A brief review of Dewey Decimal call numbers

We’re going to get into each episode’s title and use of call numbers below. But first, let’s make sure we’re on the same foundation with the basic function and general layout of call numbers. If you’re a longtime reader of Reel Librarians (as ever, thank you!), then you’ll likely be familiar with call numbers, so feel free to skip down below to get to the good stuff. ๐Ÿ˜‰ But if you’re new (hi!) or need a refresher, think of call numbers as addresses for specific books. It’s how materials are organized and shelved in a library’s physical space, and it’s how users actually find physical items in a library. Probably the most common call number system — also referred to as a “classification system” in the biz — used in public libraries and K-12 school libraries is the Dewey Decimal classification system, also known as “DDC.” Dewey originated in the U.S. in the 1870s (named by and after its creator, librarian Melvil Dewey), and has been translated into 30+ languages and adapted for use in over 135 countries. Dewey uses ten main categories, or “classes” (000’s through 900’s) to organize items. Although you technically can catalog fiction with Dewey call numbers, most public libraries only use Dewey call numbers to catalog non-fiction (i.e., factual works) by its subject matter, not by author. So if you are researching a non-fiction topic like whales, you’d probably want to find multiple books about the same subject (whales) all together, right? But for fiction, you’re likely to be looking for a title, or multiple titles, by the same author. Therefore, most public libraries organize fiction in its own separate section and organized by author; larger public libraries also usually have separate sections for other popular genres or formats, like science fiction, mystery, romance, biography, large print, etc.

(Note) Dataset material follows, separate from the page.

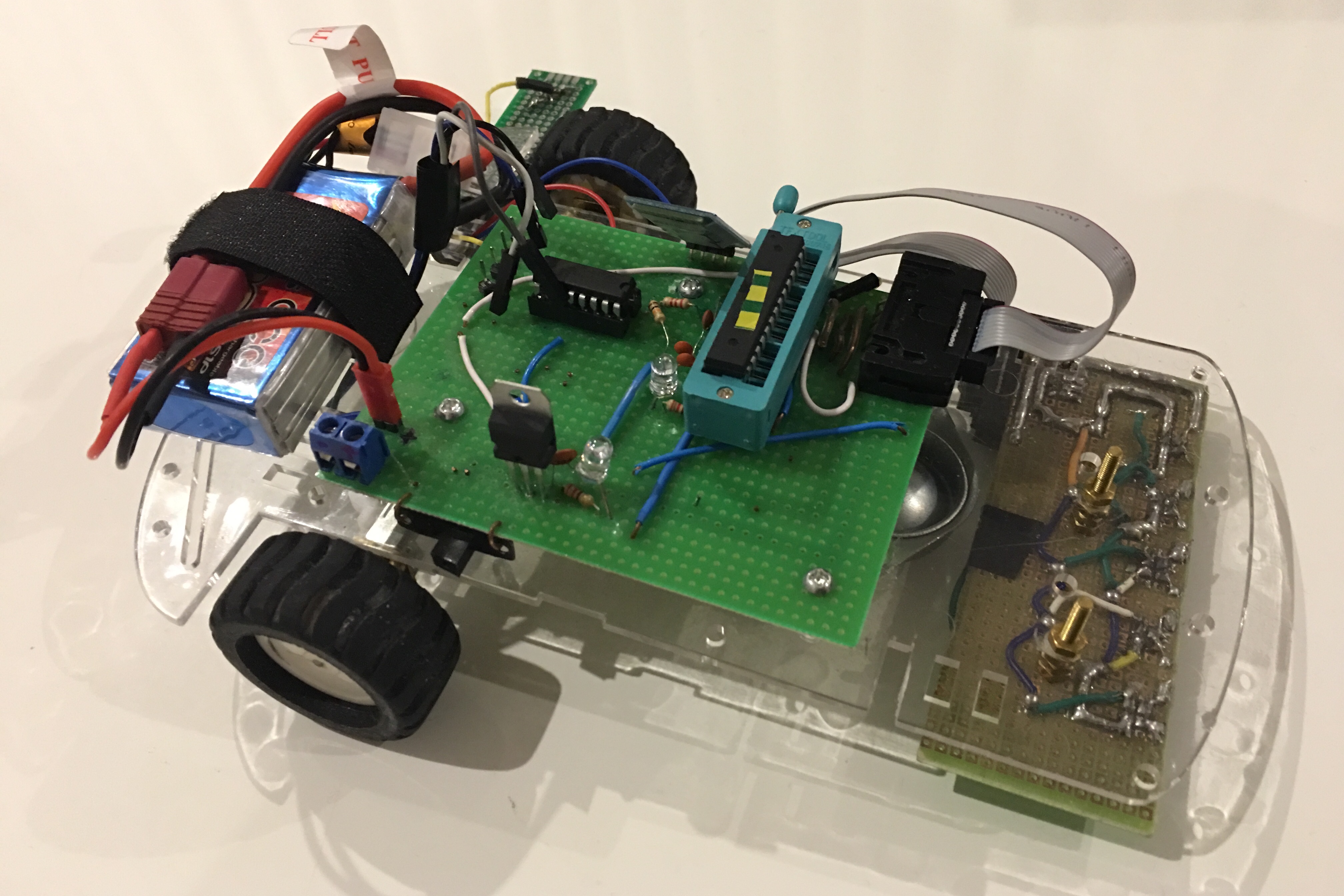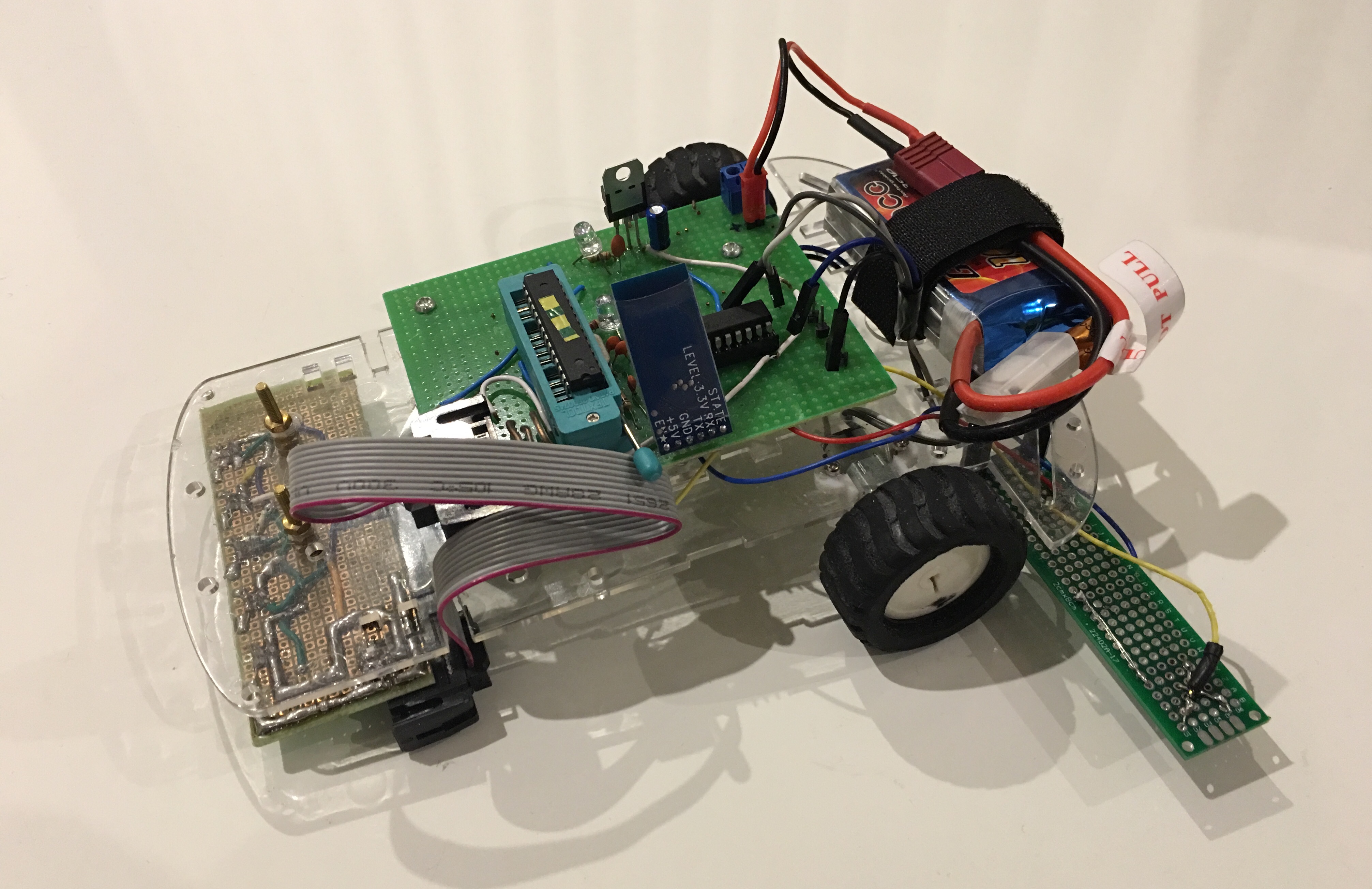 O nosso trabalho baseia-se num veiculo autónomo implementado num microcontrolador (uC) Atmega88 [7] no qual, em primeiro lugar, lê os valores dos sensores de infravermelho (CNY70) [3], de seguida processa-os e no fim actua

The first line of a Dewey Decimal call number indicates the main category the book is in, like whether or not it’s fiction or non-fiction (and subject matter). The second line usually indicates the first three letters of the author’s last name. Here’s slide #19 from an “Introduction to Call Numbers” Slideshare that visually demonstrates how to begin reading and understanding Dewey Decimal call numbers:

Introduction to Call Numbers” Slideshare by glenoaksweb, used under “fair use” guidelines

Different call number systems are used in different kinds of libraries, including — but not limited to! — the Library of Congress classification system that most academic (college and university) libraries use. But understanding the basic structure of call numbers will suffice for now!

Exploring episode titles for ‘Shelved’

As I mentioned, each episode thus far for Shelved integrates call numbers. So fun! Below is a list of each episode, its summary, its title, and what each call number reveals — both on the show AND in its real-life inspiration library. Did the show gets its call numbers right?? (Spoiler: Partly.) Let’s explore and evaluate!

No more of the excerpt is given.